▶ [What you have to do] Of the lines in the material below, print only those from the one containing "Current owner purchased" to the one containing "新華社首爾8月6日電(記者陸", ends included, exactly as written and without pictures.
═════ Extracted material ═════
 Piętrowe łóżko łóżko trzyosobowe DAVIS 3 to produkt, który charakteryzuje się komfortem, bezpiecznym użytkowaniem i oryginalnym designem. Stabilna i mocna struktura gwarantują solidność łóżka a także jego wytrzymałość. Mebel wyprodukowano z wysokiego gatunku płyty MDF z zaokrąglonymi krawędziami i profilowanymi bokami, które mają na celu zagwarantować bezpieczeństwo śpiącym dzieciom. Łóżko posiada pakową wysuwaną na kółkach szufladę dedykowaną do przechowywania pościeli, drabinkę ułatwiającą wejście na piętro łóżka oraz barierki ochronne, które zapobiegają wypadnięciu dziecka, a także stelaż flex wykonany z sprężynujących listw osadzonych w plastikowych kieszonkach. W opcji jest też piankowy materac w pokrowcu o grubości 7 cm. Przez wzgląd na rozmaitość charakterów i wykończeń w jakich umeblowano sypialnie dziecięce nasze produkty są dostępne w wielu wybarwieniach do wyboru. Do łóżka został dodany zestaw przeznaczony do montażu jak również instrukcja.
═════
═════ Extracted material ═════
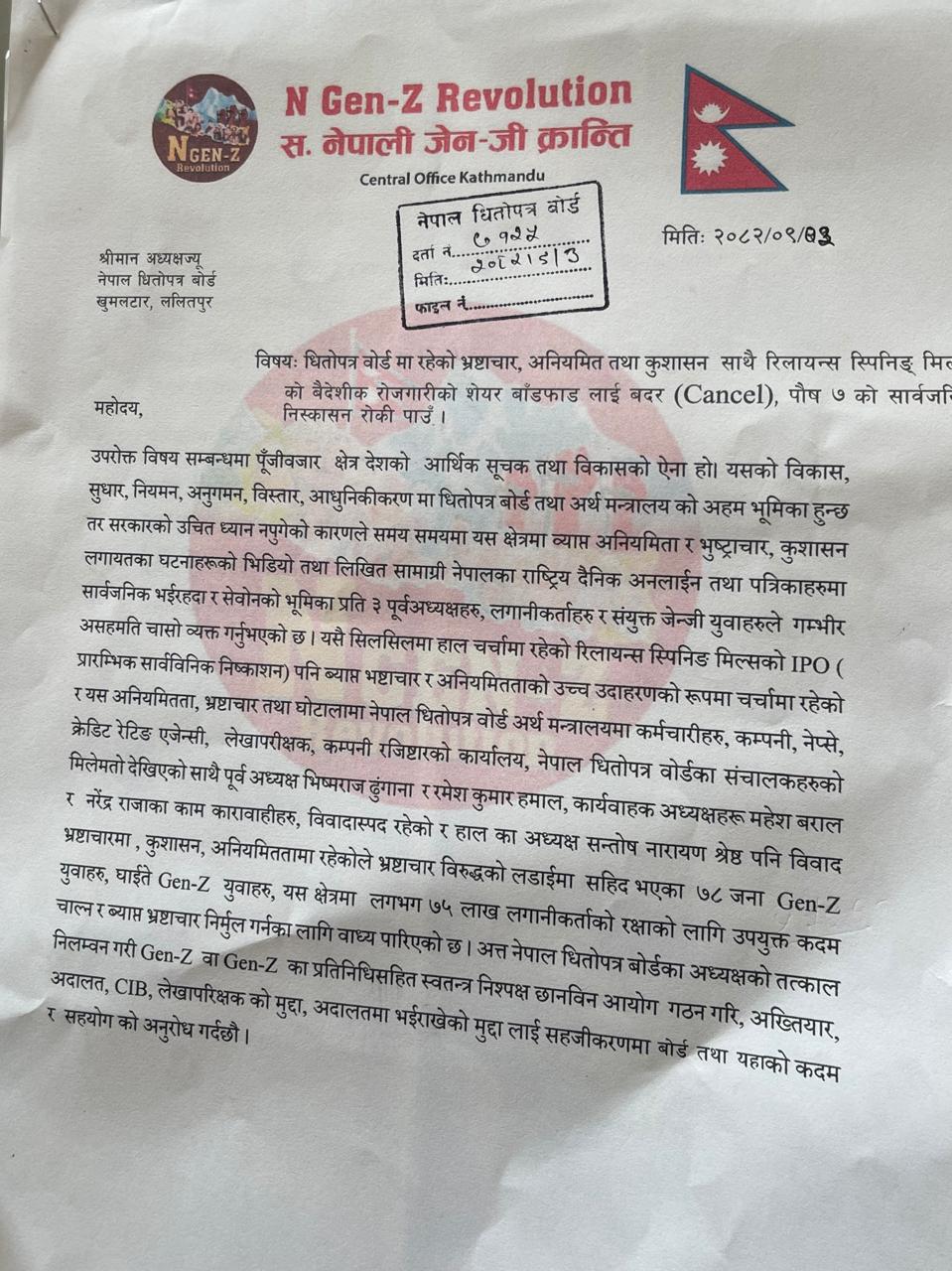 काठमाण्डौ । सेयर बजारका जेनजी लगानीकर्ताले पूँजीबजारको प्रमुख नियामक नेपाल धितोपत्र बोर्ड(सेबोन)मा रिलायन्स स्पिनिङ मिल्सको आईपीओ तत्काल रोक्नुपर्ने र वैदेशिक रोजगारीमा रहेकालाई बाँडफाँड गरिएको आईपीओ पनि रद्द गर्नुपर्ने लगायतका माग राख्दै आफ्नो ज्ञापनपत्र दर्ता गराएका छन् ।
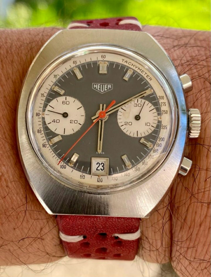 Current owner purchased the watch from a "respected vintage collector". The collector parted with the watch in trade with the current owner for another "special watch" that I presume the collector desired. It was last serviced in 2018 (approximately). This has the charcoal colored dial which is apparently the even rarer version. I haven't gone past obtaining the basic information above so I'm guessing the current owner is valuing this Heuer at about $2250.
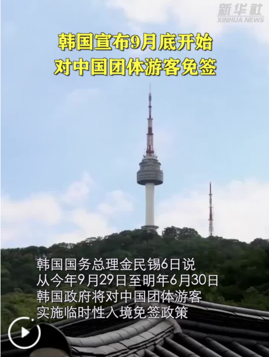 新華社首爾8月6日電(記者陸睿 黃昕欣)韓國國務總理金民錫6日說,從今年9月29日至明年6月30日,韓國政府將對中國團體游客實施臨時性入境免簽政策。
═════
═════ Extracted material ═════
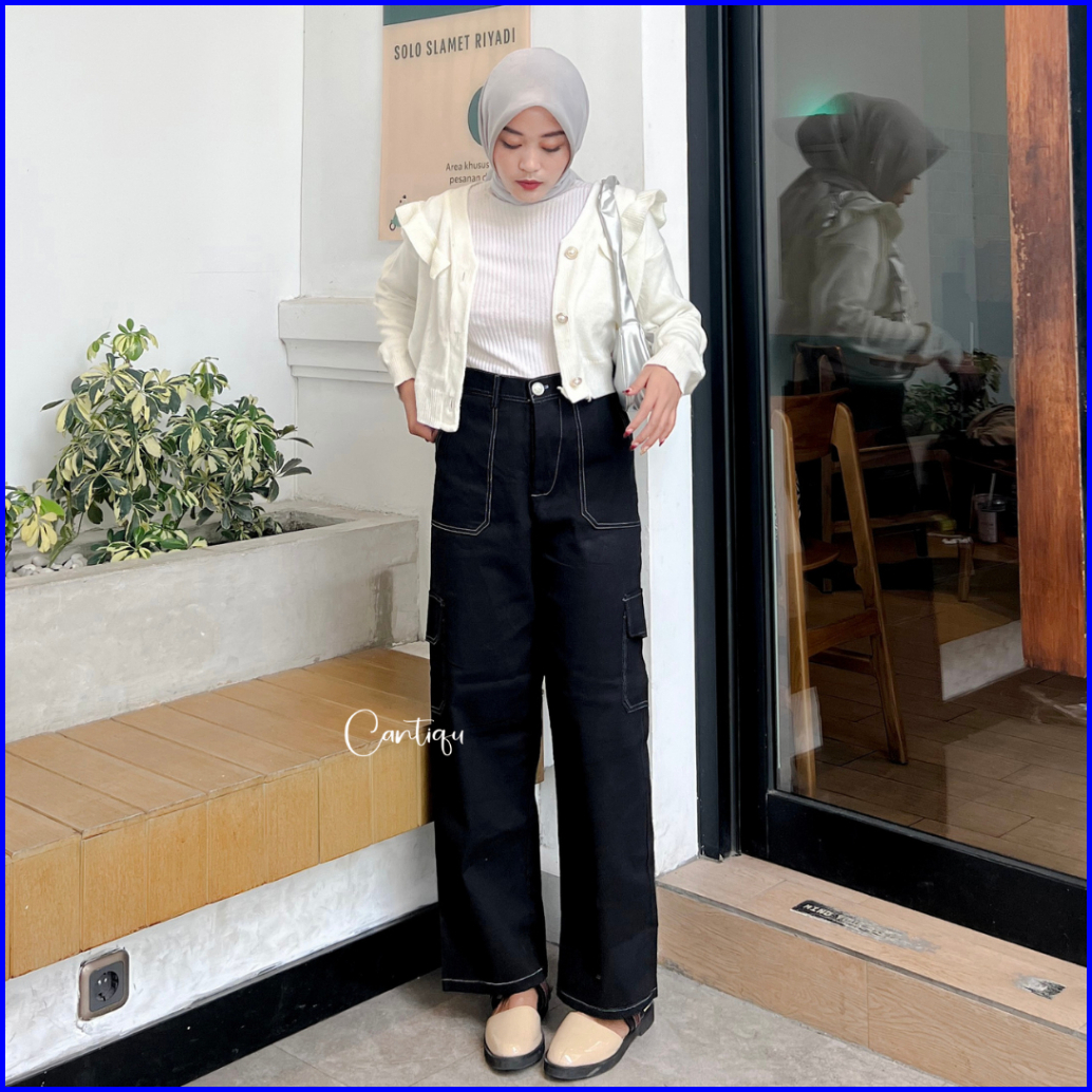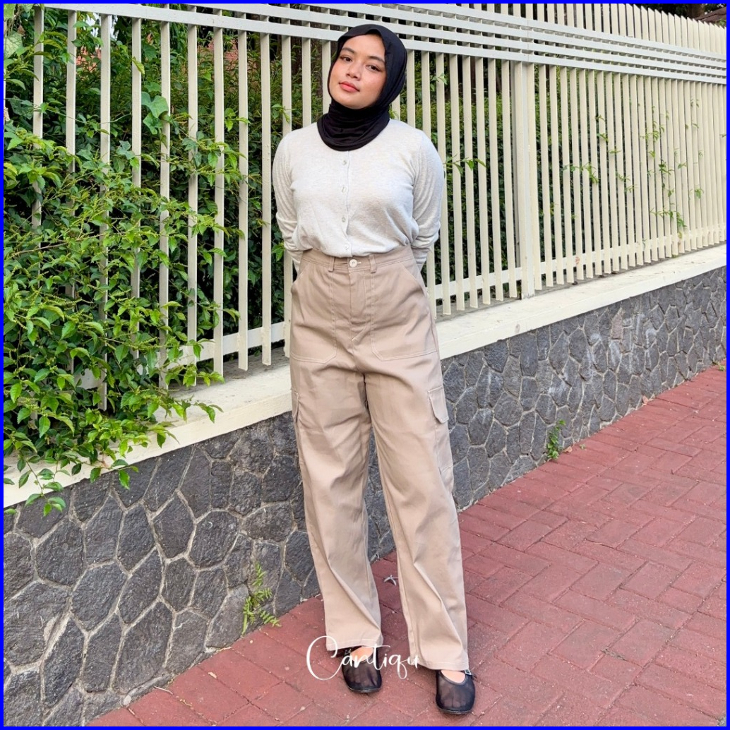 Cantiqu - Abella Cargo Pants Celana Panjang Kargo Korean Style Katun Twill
═════
▶ [Solution below]
 Current owner purchased the watch from a "respected vintage collector". The collector parted with the watch in trade with the current owner for another "special watch" that I presume the collector desired. It was last serviced in 2018 (approximately). This has the charcoal colored dial which is apparently the even rarer version. I haven't gone past obtaining the basic information above so I'm guessing the current owner is valuing this Heuer at about $2250.
 新華社首爾8月6日電(記者陸睿 黃昕欣)韓國國務總理金民錫6日說,從今年9月29日至明年6月30日,韓國政府將對中國團體游客實施臨時性入境免簽政策。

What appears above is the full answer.